Ministry officials said public-safety investigators examining the fires believe lithium-ion batteries may have caused the iPod nanos to overheat. The ministry said Apple is aware of 14 additional cases in Japan of iPod batteries overheating.

"We are not in the position to speculate on the outcome of the investigation," Hiroyuki Yoshitsune, a Ministry official, told Agence France Press. "But after several incidents like these, it would be appropriate for Apple to take some measures to raise the public's awareness."

Lithium-ion batteries, found in many computers and mobile phones, have a higher power density than nickel-based batteries, according to Apple. This higher power provides a longer battery life. Apple warns on its Web site that iPod owners should keep the music players out of the sun or a hot Relevant Products/Services because heat will degrade the battery's performance.

Investigating the Cause

It is not clear whether the iPod nanos believed to have caused the fires were basking in the sun. Short-circuiting a lithium-ion battery can cause it to ignite or explode.

Officials have pointed to four specific models as the cause of the incidents -- MA004J/A, MA005J/A, MA009J/A and MA107J/A. More than 1.8 million of these players were sold in Japan between September 2005 and September 2006, according to published reports.

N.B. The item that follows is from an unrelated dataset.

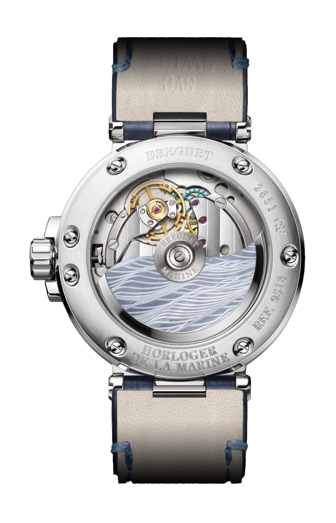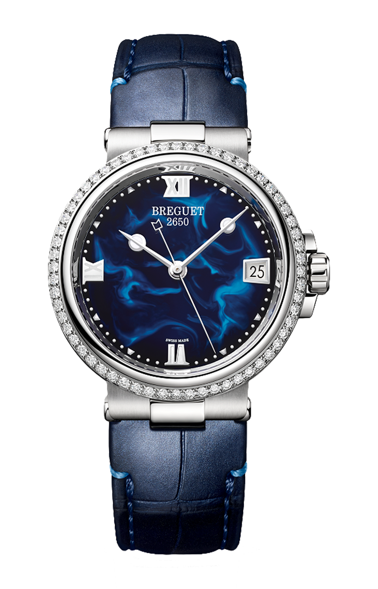 Il Breguet Marine 9518STE/2984D000 è un orologio che unisce l'eleganza raffinata della manifattura con una presenza discreta e femminile, esaltata da dettagli preziosi e finiture di alto livello: la cassa in acciaio dal diametro di 33,8 mm e spessore di circa 9,9 mm offre proporzioni perfette per chi cerca un segnatempo elegante ma non sovradimensionato. La lunetta è tempestata da 60 diamanti taglio brillante (circa 0,84 carati) che incorniciano con splendore il quadrante blu laccato, conferendo un tocco di lusso sottile senza scadere in eccessi. Il quadrante è completato da lancette «Breguet» in oro rosa e da indici luminescenti, con la data a ore 3, mentre il fondello in vetro zaffiro consente la visione del movimento automatico calibro 591 a dotato di 25 rubini, spirale in silicio e riserva di marcia di circa 38 ore. L’impermeabilità fino a 5 bar (50 metri) ne consente un utilizzo quotidiano in tutta serenità, mentre il cinturino in alligatore blu con chiusura deployante in acciaio armonizza perfettamente con il quadrante e il cinturino stesso. Questo orologio è pensato per chi desidera un segnatempo di alta orologeria, con una forte identità stilistica, raffinato nella trama dei dettagli e al tempo stesso versatile nella vita di tutti i giorni.

Quasi-government safety officials and Apple, according to published reports, will work together to find the specific cause of the overheating. Ministry officials are also asking Apple to improve its technology to avoid any additional fires.

Batteries a Cause for Concern

Lithium-Ion batteries have been the core problem behind many technological recalls in recent years.

In late 2006 Sony Energy Device Corp. in Japan recalled all its lithium-ion batteries used in Apple, Dell and Toshiba notebook computers. Nokia also recalled in 2007 more than 40 million lithium-ion batteries. The batteries, made by Japan-based Matsushita Battery Industrial between December 2005 and September 2006 were considered dangerous because they could overheat while charging.

In August 2007, Lenovo also recalled hundreds of thousands of ThinkPads because the installed lithium-ion batteries manufactured by Japan-based Sanyo Electric were a fire hazard.

Lithium-ion batteries are considered dangerous because lithium ion is not water-based, according to published reports by Donald Sadoway, a battery expert and professor at the Massachusetts Institute of Technology. Because one of the three components in the battery -- the electrolyte -- is an organic liquid similar to alcohol, it is flammable. Sadoway has suggested using polymer electrolytes to avoid this problem.

So with all the recalls, why are so many PDAs, laptops and other devices made with these batteries?

For one, they are lightweight. Lithium-ion batteries are made with lightweight lithium and carbon. These batteries also hold more electricity compared to nickel batteries and lead-acid batteries. And only one percent of all lithium-ion batteries manufactured have been the subject of a recall, according to reports.